Directions for this task
Quote exactly the lines from the one with "Цепь из белого" to the end of the data, both included; omit the pictures.

------ Dataset records ------

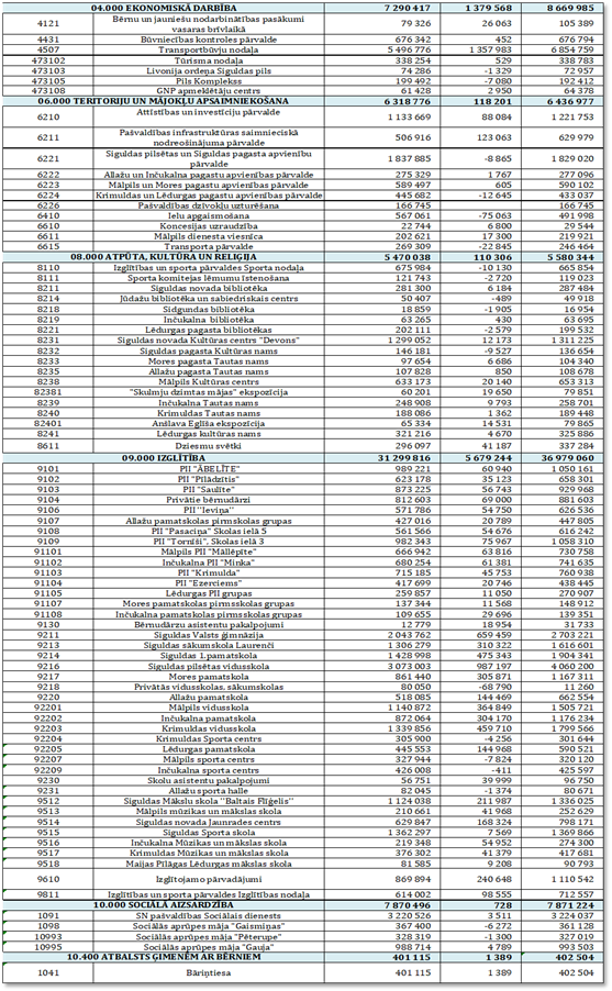 - 1 000 euro pārcelti no Transporta būvju nodaļas uz Siguldas novada Jaunrades centru komandējuma īstenošanai;
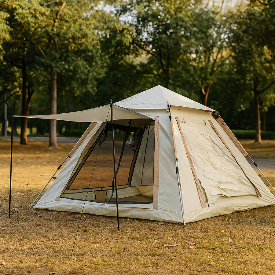 The Green Lion GT-6 Camping Tent with ventilated mesh, UV protection, windproof ropes, and waterproof 210D Oxford fabric offers a spacious, durable, and easy-to-carry shelter for outdoor adventures.
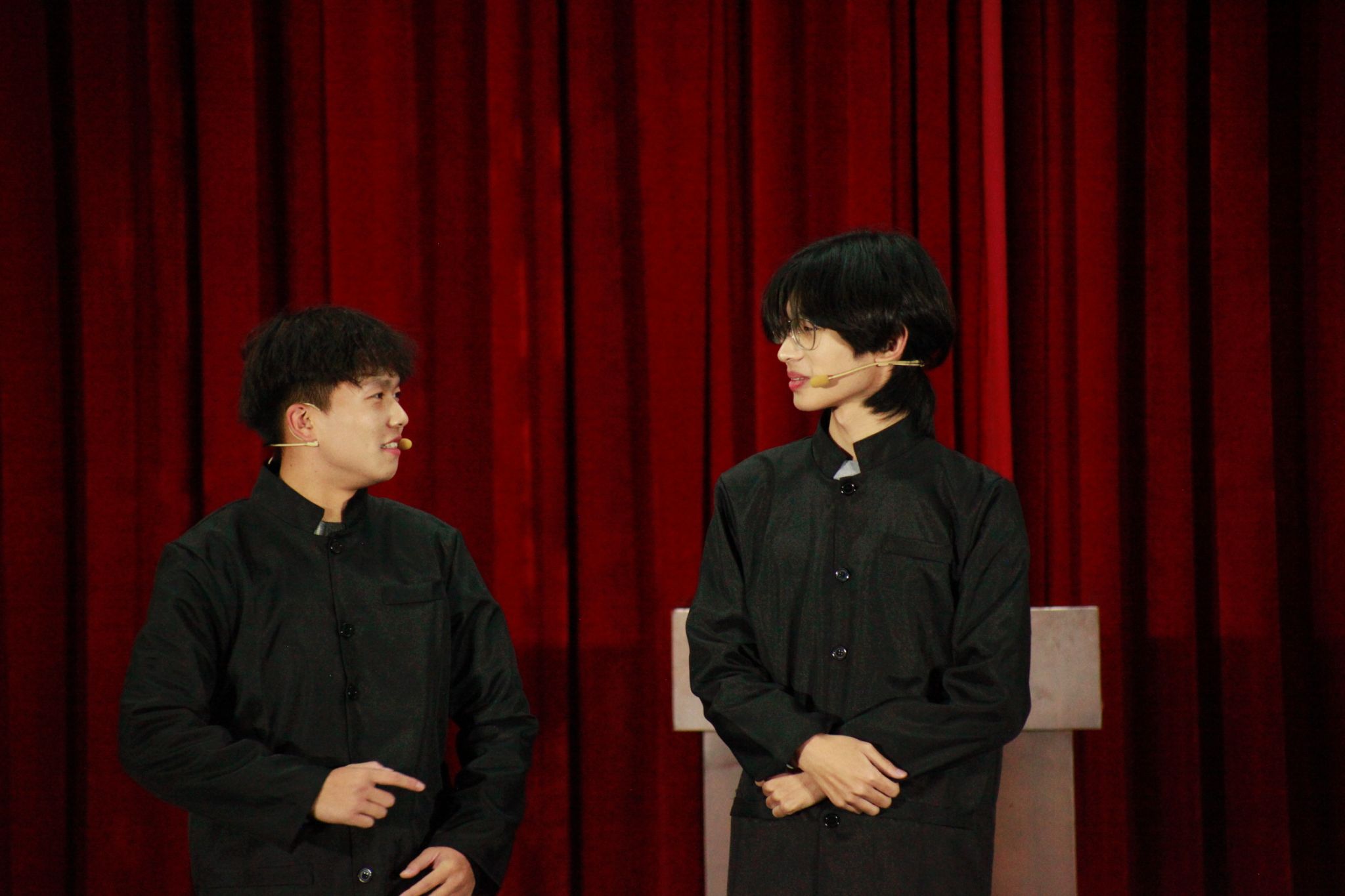 相声《如此普法》,两位同学一捧一逗,谈笑间不仅体现出我校学生优秀的法律素养,更以一种幽默的口吻将权利与义务、秩序与和谐的真谛一一道出,愈发地坚定了同学们建设法治社会的信念。
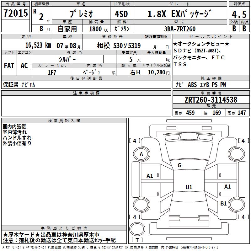 TOYOTA PREMIO - лот 72015
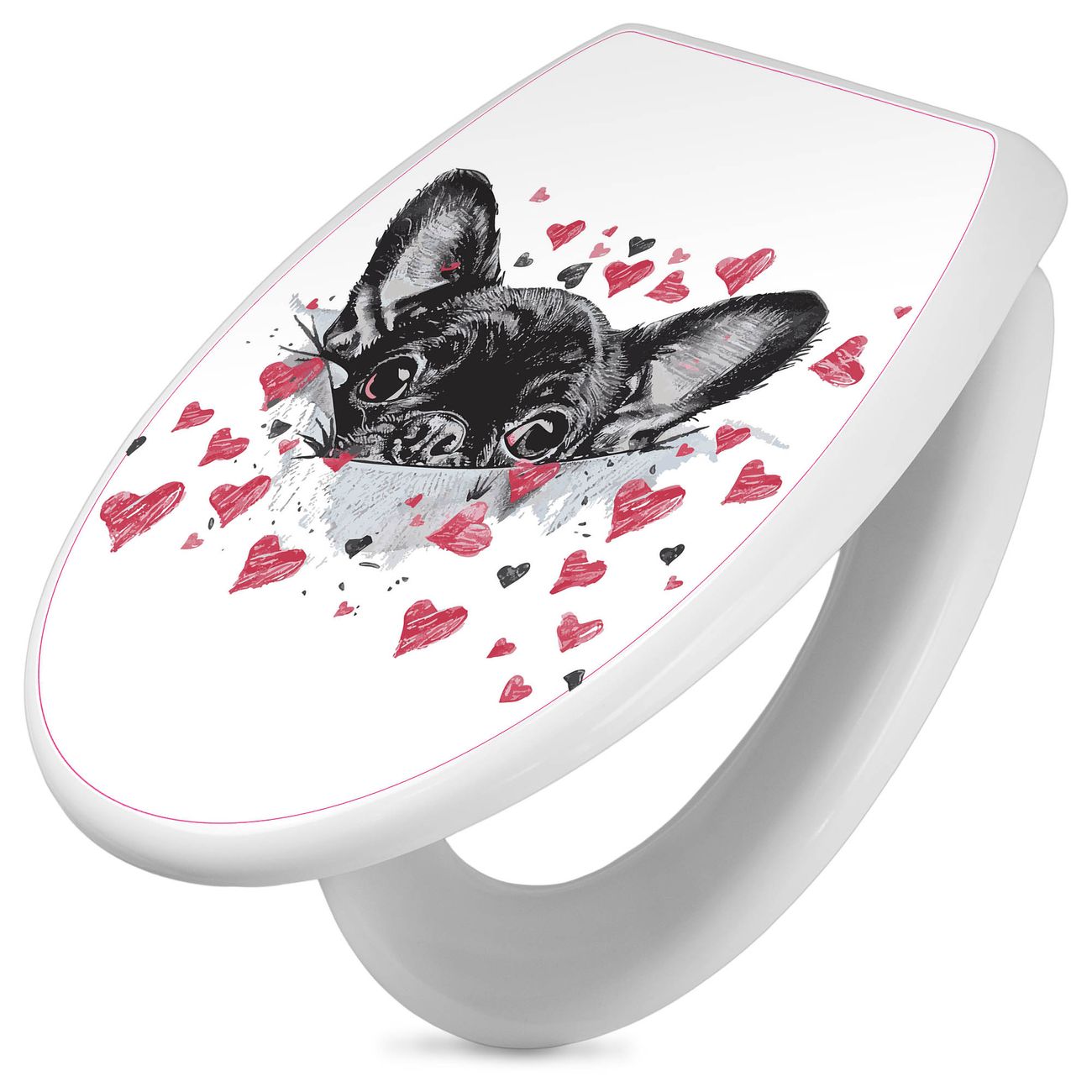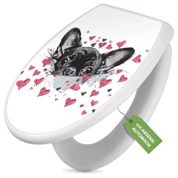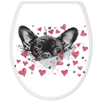 Toilettendeckel weiß mit Absenkautomatik Motiv Hund mit Herzen
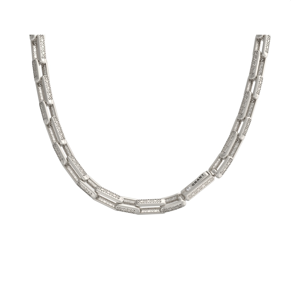 Цепь из белого золота с бриллиантами, фантазийное плетение
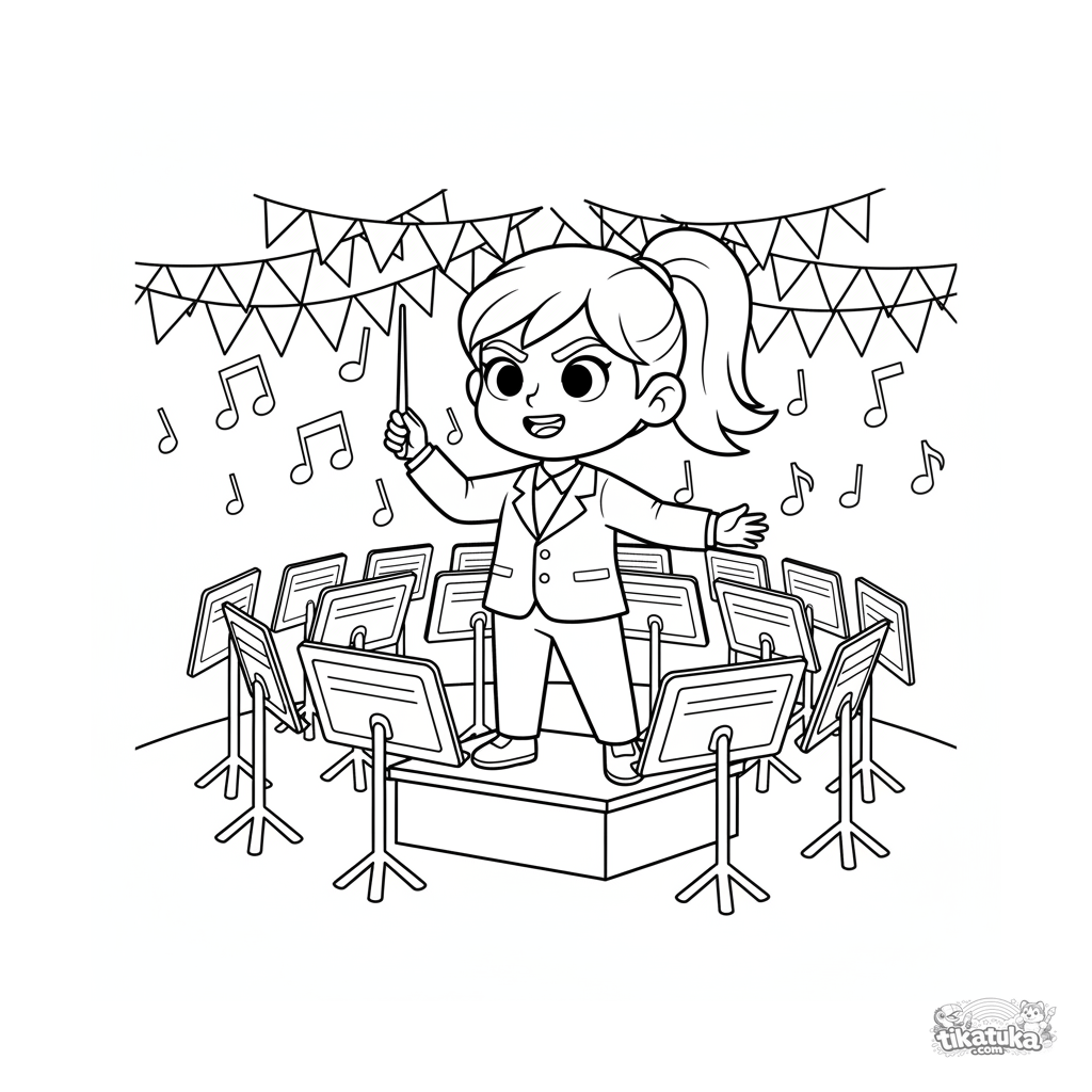 Página para colorir para crianças 7-9: uma menina maestrina lidera uma orquestra em um salão festivo. Pose dinâmica, detalhe moderado.

------

Expected answer
 Цепь из белого золота с бриллиантами, фантазийное плетение
 Página para colorir para crianças 7-9: uma menina maestrina lidera uma orquestra em um salão festivo. Pose dinâmica, detalhe moderado.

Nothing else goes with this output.